Why ITMs fail (and how to make them successful)

Financial institutions are modernizing their physical branches to enhance their brand and incorporate technology. Adding interactive teller machines (ITMs) is on the table alongside improved aesthetics, glass walls, open floor plans, teller pods, and cash recyclers, but how does new technology account holder relationships and increased revenue?

Over the years, Apple’s retail hubs have become more than just another store: It’s an experience so central to the brand that it is a product of its own. That modern aesthetic, intuitive technology and knowledgeable staff now influence consumer expectations at bank and credit union branches across the country. How should institutions respond?

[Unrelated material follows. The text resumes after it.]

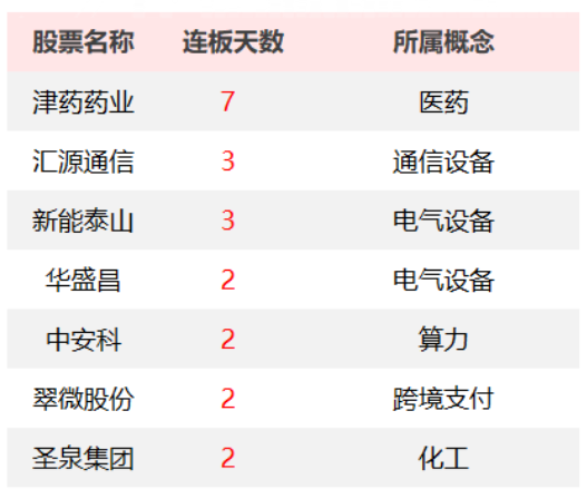 连板股统计丨A股今日共101只个股涨停,医药板块津药药业7连板

It’s clear what made Apple stores successful, but it’s much harder to explain why they so outcompeted competitors. If you visited the Mall of America near Minneapolis in 2015, for example, you’d see a Microsoft store across the hall from an Apple store. Open spaces with glass walls, tables filled with state-of-the-art tech and staff standing ready to show it all to you.

Yet, we know Apple stores boomed and Microsoft permanently closed most of its retail locations in 2020. Both had a modern aesthetic, prime location, and the latest tech, but not the same outcome.

Apple’s success suggests people appreciate its stores. But the Apple-Microsoft faceoff suggests banking executives should look even deeper. What makes a modern branch filled with new technology (such as ITMs), or new design elements (such as teller pods) more successful than another?